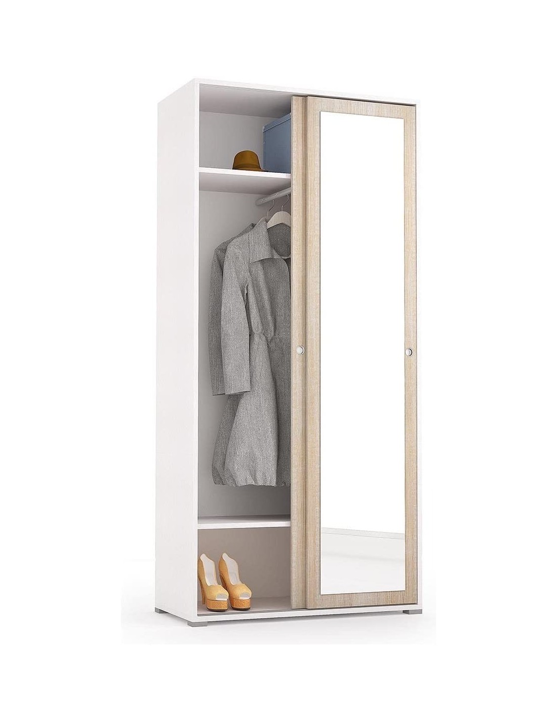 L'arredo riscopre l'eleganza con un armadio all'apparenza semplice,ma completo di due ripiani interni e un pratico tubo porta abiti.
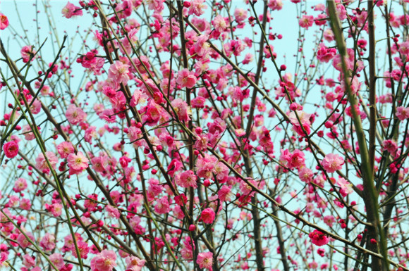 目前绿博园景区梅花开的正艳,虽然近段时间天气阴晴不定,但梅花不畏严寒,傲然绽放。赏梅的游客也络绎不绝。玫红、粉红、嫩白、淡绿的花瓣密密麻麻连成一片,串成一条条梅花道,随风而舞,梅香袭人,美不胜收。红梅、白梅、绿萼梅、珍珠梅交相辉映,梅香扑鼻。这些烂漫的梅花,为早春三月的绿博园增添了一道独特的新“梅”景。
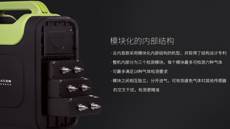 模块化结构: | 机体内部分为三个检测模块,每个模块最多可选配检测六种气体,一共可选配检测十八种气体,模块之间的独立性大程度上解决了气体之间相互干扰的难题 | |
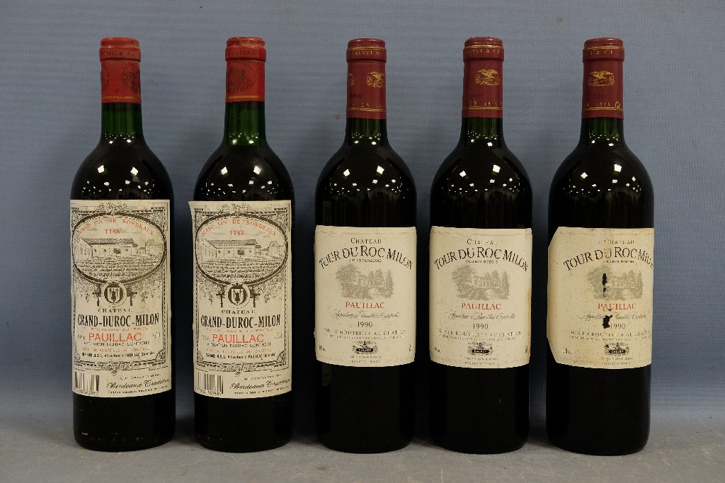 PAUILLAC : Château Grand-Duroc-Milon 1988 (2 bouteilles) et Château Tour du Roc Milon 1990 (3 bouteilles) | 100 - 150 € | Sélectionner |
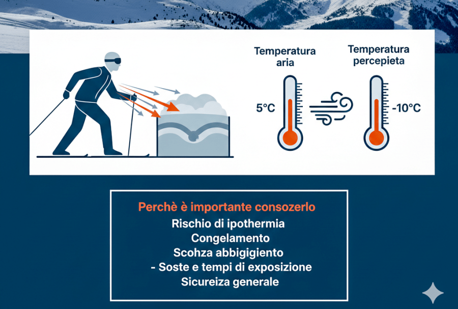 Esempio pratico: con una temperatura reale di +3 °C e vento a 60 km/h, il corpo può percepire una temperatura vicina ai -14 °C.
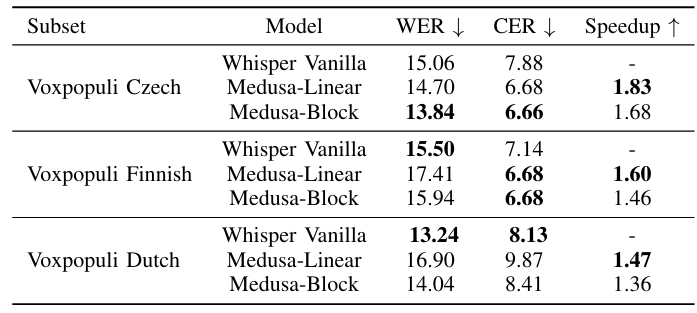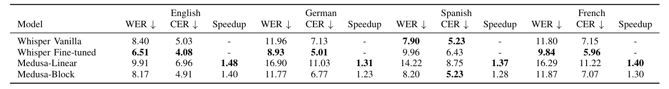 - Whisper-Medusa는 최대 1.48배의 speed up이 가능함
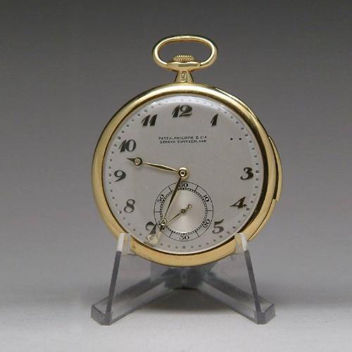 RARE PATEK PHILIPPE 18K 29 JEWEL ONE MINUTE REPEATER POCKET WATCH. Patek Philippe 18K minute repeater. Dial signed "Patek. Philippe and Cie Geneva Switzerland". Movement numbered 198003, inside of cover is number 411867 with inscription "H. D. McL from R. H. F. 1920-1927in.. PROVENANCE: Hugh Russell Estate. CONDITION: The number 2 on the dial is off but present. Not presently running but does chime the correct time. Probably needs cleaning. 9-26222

++++++++

Transcribe exactly each line of the records from the start up to and including the one with "- Whisper-Medusa는 최대 1.48배의 speed up이 가능함", and leave out every picture.

▸ RESULT
 L'arredo riscopre l'eleganza con un armadio all'apparenza semplice,ma completo di due ripiani interni e un pratico tubo porta abiti.
 目前绿博园景区梅花开的正艳,虽然近段时间天气阴晴不定,但梅花不畏严寒,傲然绽放。赏梅的游客也络绎不绝。玫红、粉红、嫩白、淡绿的花瓣密密麻麻连成一片,串成一条条梅花道,随风而舞,梅香袭人,美不胜收。红梅、白梅、绿萼梅、珍珠梅交相辉映,梅香扑鼻。这些烂漫的梅花,为早春三月的绿博园增添了一道独特的新“梅”景。
 模块化结构: | 机体内部分为三个检测模块,每个模块最多可选配检测六种气体,一共可选配检测十八种气体,模块之间的独立性大程度上解决了气体之间相互干扰的难题 | |
 PAUILLAC : Château Grand-Duroc-Milon 1988 (2 bouteilles) et Château Tour du Roc Milon 1990 (3 bouteilles) | 100 - 150 € | Sélectionner |
 Esempio pratico: con una temperatura reale di +3 °C e vento a 60 km/h, il corpo può percepire una temperatura vicina ai -14 °C.
 - Whisper-Medusa는 최대 1.48배의 speed up이 가능함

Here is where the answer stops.